In the following, I am assuming that $\nabla f$ is used to denote the gradient of a functional (function taking values in $\mathbb{R}$). (This is also a lot more long winded than originally intended!)

In $\mathbb{R}^n$ the difference between the derivative and the gradient for a functional are often blurred, which leads to confusion.

The distinction is blurred because, to some extent, the differences can be viewed as different conventions (a row vector vs. a column vector). The distinction becomes more important in non Hilbert spaces.

In terms of derivatives, we have $D h(y) = D f(g(y)) D g(y) = Df(x_0+Py) P$. (Note that $Dg(y) = P$ since $g$ is linear).

Note that for any linear functional $\phi: \mathbb{R}^n \to \mathbb{R}$, there is a unique element $w \in \mathbb{R}^n$ such that $\phi(x) = w^T x$.

The derivative $Df(x)$ is a linear functional, so there is a unique element so it can be written as above, we use the notation $\nabla f(x)$ (the gradient) to denote this unique element.

That is, $Df(x)h = \nabla f(x)^T h$.

Now we want to compute $\nabla h(y)$.

Note that $D h(y) \eta = Df(x_0+Py) P \eta = \nabla f(x_0+Py)^T P\eta$, so we can write $Dh(y)\eta = (P^T \nabla f(x_0+Py))^T \eta$ (note the transpose on $P$) so we have $\nabla h(y) = P^T \nabla f(x_0+Py)$.

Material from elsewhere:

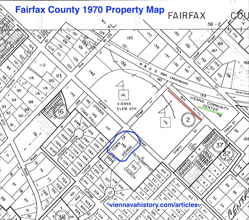 In 1970, an unbuilt portion of Mill Street SE (red) remained designated adjacent to the Community Center (green). The Town needed to have the right-of-way vacated so it could build the pool at the Community Center. The Bowman lot was nearby (blue) and considered as an alternative site. (Base map is from the Fairfax County Digital Map Viewer, tax map grid square 38-4).

Personally, I use the gradient representation when dealing with things from a geometric perspective, but generally use the derivative when computing.

Answer 2

It seems that $g$ is given by $$g:\quad {\mathbb R}^n\to{\mathbb R}^n,\qquad y\mapsto g(y)=a+P.y$$ for a certain $a\in{\mathbb R}^n$ and a linear $P$. Then $h$ is defined by $$h(y):=f\bigl(g(y)\bigr)\ .$$ The chain rule says that $$dh(y)=df\bigl(g(y)\bigr)\circ dg(y)\ .\tag{1}$$ Now $$dg(y)=P\quad\forall\>y,\qquad{\rm and}\qquad df(x).X=\langle \nabla f(x),X\rangle\quad\forall X\ .$$ Plugging this into $(1)$ we obtain $$\langle\nabla h(y),Y\rangle=dh(y).Y=df\bigl(g(y)\bigr).\bigl(dg(y).Y\bigr)=\langle\nabla f\bigl(g(y)\bigr),PY\rangle=\langle P^\top\nabla f\bigr(g(y)\bigr),Y\rangle\ .$$ Since this is true for all $Y\in T_y$ we conclude that $$\nabla h(y)=P^\top\nabla f\bigl(g(y)\bigr)\ .$$